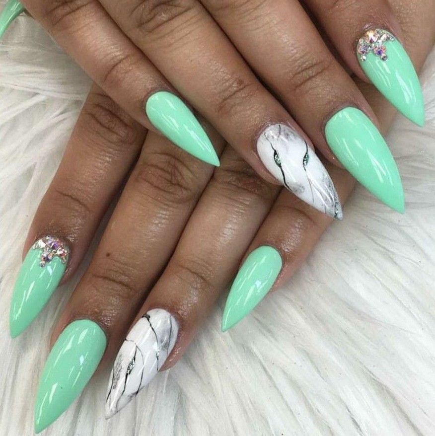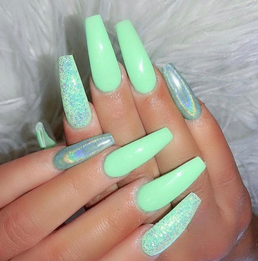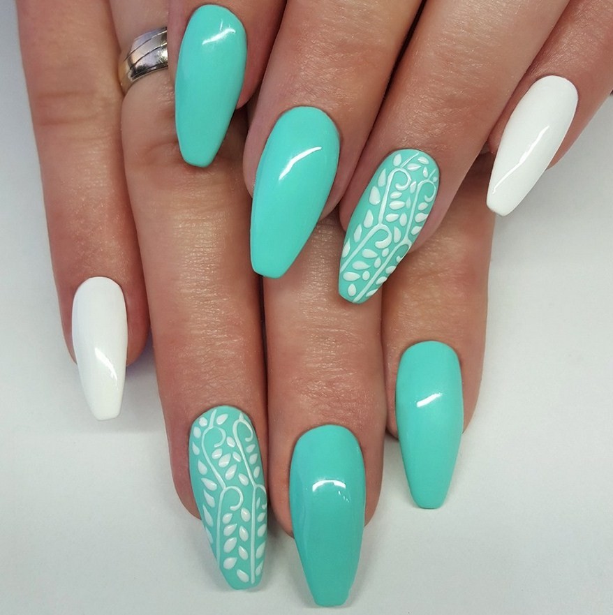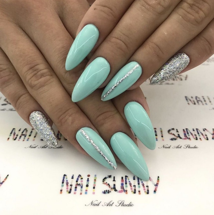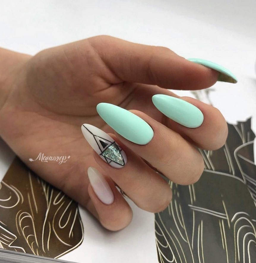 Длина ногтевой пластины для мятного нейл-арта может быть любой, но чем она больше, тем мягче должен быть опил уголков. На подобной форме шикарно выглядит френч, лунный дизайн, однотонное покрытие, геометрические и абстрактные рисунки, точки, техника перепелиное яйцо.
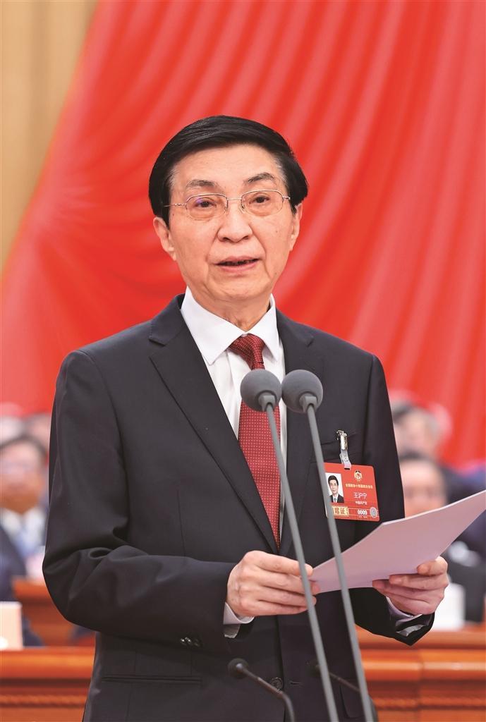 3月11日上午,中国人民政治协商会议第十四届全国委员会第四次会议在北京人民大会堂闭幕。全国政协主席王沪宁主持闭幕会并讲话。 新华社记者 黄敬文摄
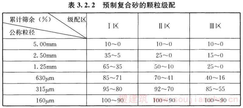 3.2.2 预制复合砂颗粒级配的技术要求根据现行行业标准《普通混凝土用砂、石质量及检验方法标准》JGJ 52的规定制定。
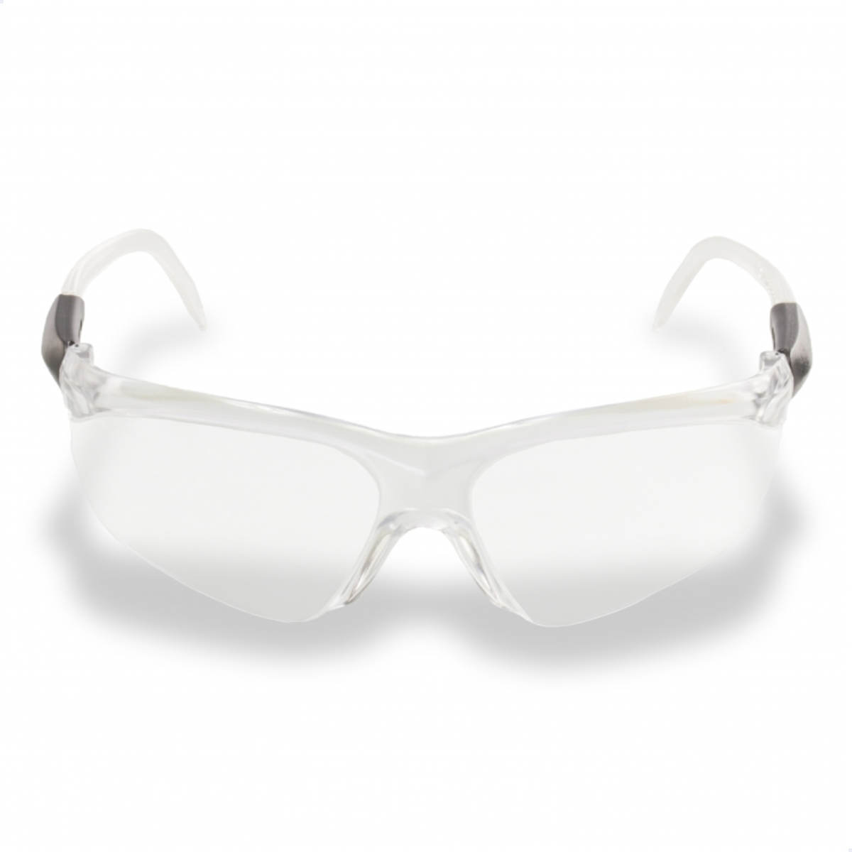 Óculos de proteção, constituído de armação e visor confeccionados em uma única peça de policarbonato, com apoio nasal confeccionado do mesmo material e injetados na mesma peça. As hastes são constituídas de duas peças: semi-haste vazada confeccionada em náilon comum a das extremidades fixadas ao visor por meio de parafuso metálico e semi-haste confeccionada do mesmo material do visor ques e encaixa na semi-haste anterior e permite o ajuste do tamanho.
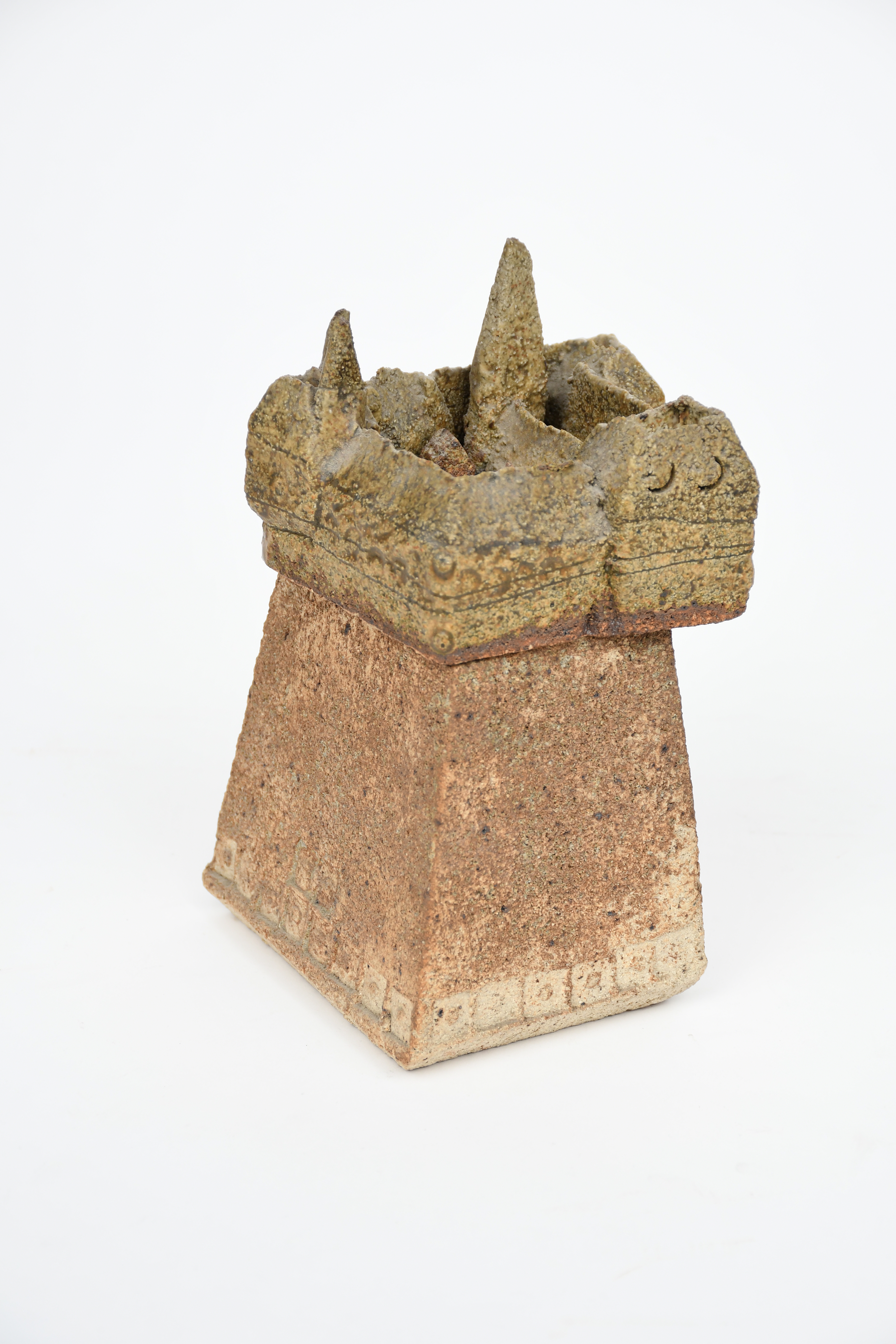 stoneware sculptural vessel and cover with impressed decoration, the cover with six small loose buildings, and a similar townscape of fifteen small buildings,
==
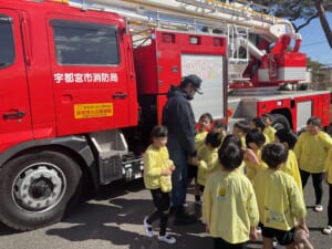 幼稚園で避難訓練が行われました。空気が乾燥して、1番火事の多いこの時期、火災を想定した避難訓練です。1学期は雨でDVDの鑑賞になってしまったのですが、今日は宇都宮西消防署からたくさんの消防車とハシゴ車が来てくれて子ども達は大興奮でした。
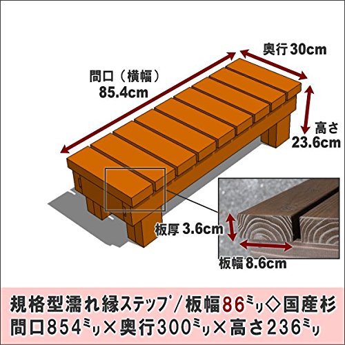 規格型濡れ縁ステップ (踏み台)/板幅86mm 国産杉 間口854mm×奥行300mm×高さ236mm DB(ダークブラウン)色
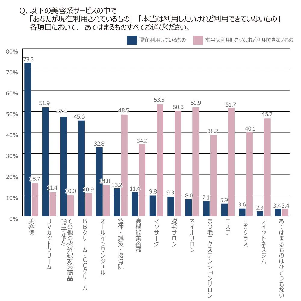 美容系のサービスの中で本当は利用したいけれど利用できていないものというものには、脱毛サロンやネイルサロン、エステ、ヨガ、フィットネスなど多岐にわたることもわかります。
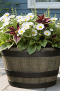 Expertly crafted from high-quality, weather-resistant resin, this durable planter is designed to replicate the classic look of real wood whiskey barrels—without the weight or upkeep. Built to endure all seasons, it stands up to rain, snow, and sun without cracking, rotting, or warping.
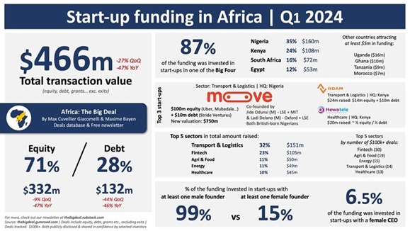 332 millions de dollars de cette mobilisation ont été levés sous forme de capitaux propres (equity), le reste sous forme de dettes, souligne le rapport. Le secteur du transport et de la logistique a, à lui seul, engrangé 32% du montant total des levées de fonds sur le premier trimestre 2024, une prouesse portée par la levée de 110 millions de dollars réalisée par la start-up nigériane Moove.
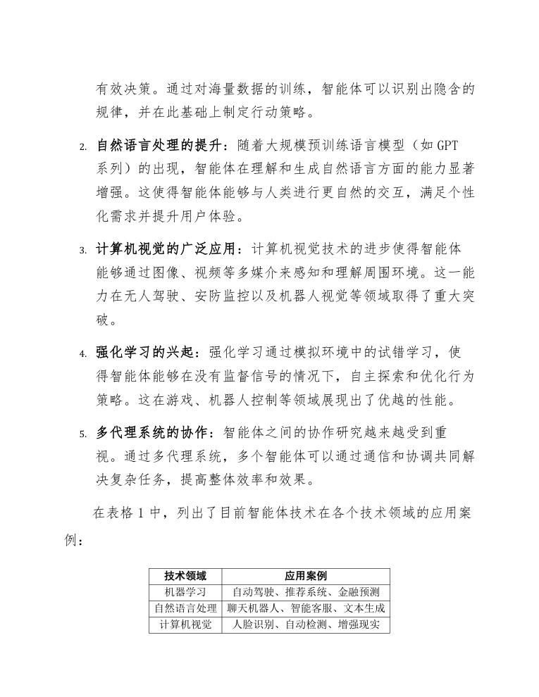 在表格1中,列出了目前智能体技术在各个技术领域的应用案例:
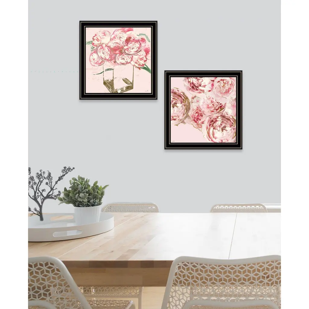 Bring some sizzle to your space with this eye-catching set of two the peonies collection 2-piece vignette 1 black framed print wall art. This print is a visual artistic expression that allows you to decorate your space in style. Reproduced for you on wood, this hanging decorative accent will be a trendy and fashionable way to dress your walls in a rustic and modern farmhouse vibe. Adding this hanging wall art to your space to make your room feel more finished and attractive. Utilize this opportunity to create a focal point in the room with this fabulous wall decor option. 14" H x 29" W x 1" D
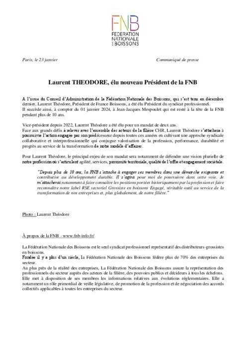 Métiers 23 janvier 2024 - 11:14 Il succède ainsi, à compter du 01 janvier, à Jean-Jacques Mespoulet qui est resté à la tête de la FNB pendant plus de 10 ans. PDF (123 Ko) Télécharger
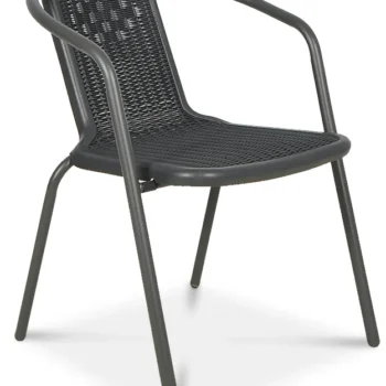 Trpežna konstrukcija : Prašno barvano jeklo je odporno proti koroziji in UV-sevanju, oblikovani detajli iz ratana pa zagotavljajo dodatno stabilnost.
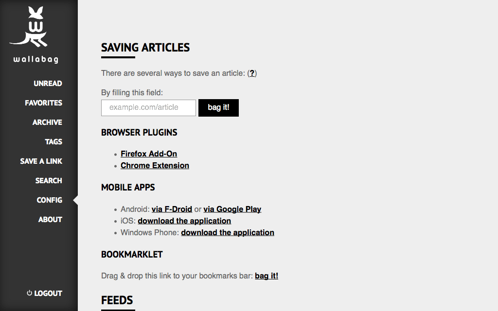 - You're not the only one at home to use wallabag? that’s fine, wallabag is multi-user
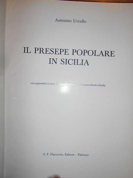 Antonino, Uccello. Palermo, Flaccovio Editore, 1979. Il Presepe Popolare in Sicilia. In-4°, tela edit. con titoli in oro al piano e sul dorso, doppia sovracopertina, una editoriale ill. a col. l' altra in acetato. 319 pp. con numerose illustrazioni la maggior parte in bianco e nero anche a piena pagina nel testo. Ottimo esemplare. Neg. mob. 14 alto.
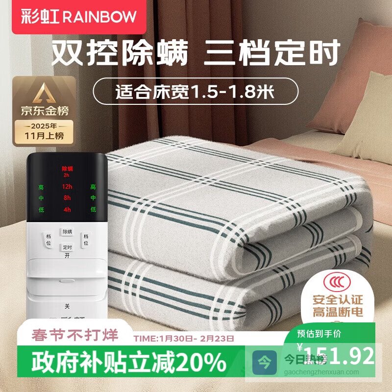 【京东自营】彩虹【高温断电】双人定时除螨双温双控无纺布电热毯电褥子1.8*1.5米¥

▶ YOUR OBJECTIVE: Skipping every picture, transcribe exactly the lines above from the one containing "Длина ногтевой пластины" through the one containing "3.2.2 预制复合砂颗粒级配的技术要求根据现行行业标准《普通混凝土用砂、石质量及检验方法标准》JGJ 52的规定制定。", both included.

▶ WRITTEN RESPONSE:
 Длина ногтевой пластины для мятного нейл-арта может быть любой, но чем она больше, тем мягче должен быть опил уголков. На подобной форме шикарно выглядит френч, лунный дизайн, однотонное покрытие, геометрические и абстрактные рисунки, точки, техника перепелиное яйцо.
 3月11日上午,中国人民政治协商会议第十四届全国委员会第四次会议在北京人民大会堂闭幕。全国政协主席王沪宁主持闭幕会并讲话。 新华社记者 黄敬文摄
 3.2.2 预制复合砂颗粒级配的技术要求根据现行行业标准《普通混凝土用砂、石质量及检验方法标准》JGJ 52的规定制定。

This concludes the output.